因为客户的 Amazon EBS 卷数量超过 200 个，最大的超过 1T 的容量。虽然对于 Amazon EBS 类型转换，亚马逊云科技从底层机制上保证了对上层的应用无感知，但为了安全和稳定的考虑，我们建议客户分批次进行操作，按照某个 EBS 卷的使用对象和项目归属等进行标记，然后每天选择 10 个左右的卷进行转换。为减轻客户手动操作的复杂度以及更好的对整个过程进行监控和运维，我们为客户提供了两种运维的手段，除了使用批量 Tag 和 AWS Lambda 函数进行 EBS 卷类型转换，我们还提供了基于 Amazon Bedrock Agent 能力的智能运维体验，让客户可以方便的通过大模型对话的方式对感兴趣的 EBS 卷状态进行查询和修改。
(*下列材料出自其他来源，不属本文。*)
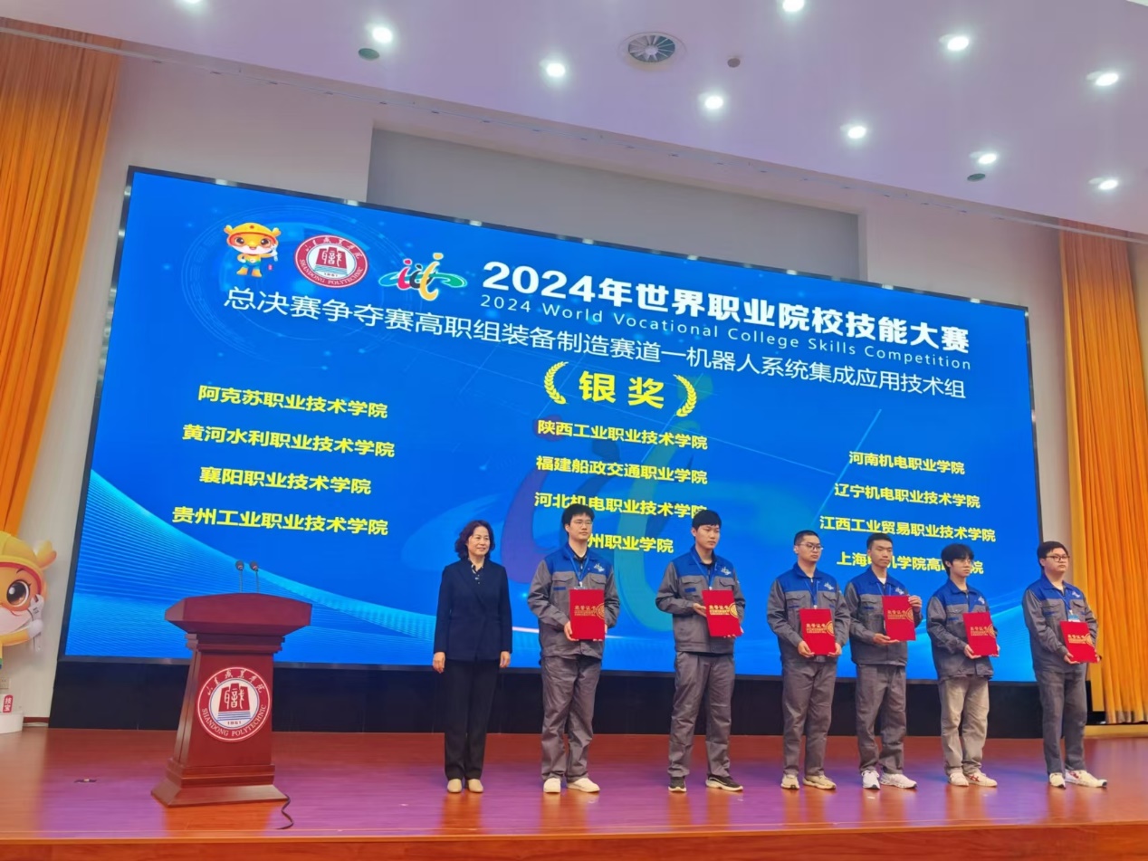 1029-31日, 2024年世界职业院校技能大赛总决赛争夺战高职组装备制造赛道——机器人系统集成应用”、“能源动力与材料赛道——新型电力系统技术与应用分别在山东职业公司、陕西工业职业技术公司举行,两个赛项均有来自全国30多个省、市、自治区的60支队参赛。由公司柴彦玲、周俊妩老师指导,李彬、陈义阳、姚沈庆、潘沈亮组成的参赛团队机器人系统集成应用组决赛中荣获银奖实现了公司在该项赛事中的历史性突破徐胜忠、周俊妩老师指导,庞子海、张昕彦、姚宇聪、杨思源组成的参赛团队在新型电力系统技术与应用组决赛中获得铜奖。

本文主要介绍基于 Amazon Bedrock Agent 实现的智能 EBS 卷运维的具体配置方式。

方案效果

Bedrock Agent 原理

Amazon Bedrock 是 AWS 的生成式 AI 服务平台，旨在简化和加速企业级 AI 应用的开发。它支持多种预训练的大型语言模型（LLM），如 Titan 和 Claude，用户可以轻松选择和集成这些模型。 Amazon Bedrock Agent，旨在简化自动化任务和操作。它支持通过自然语言交互，用户可以轻松执行复杂任务，如管理 EBS Volumes 等。Agent 将用户请求分解成多个步骤，自动调用 API 完成具体操作。此外，Agent 可集成知识库，增强响应能力，提供更准确和详细的答案。无需编写大量代码，开发者即可轻松创建和配置 Agent，自动管理基础设施和安全，使和 IT 工具的集成更为简便。
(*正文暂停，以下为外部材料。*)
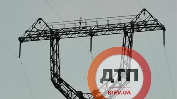 В Вышгороде Киевской области очевидцы сняли на огромной электрической опоре молодого человека, который с риском для жизни залез на сооружение, чтобы запустить квадрокоптер.

Bedrock Agent 可以帮助大语言模型通过一种称为 ReAct（推理与行动相结合）的推理技术来推理和找出解决用户请求的步骤和方法（工具）。使用 ReAct，您可以构建结构化的提示词来向基础模型展示如何通过任务进行推理并决定有助于找到解决方案的行动（Action）。结构化的提示词包括一系列的对于“提问-思考-行动-观察”这个 ReAct 过程的示例。其中“提问”是要解决的用户问题。“思考”是一个推理步骤，有助于向基础模型演示如何应对问题并确定要采取的行动。“行动”是模型可以从一组允许的工具中调用对应的 API。“观察”是获得执行特定 API（Action）的返回结果。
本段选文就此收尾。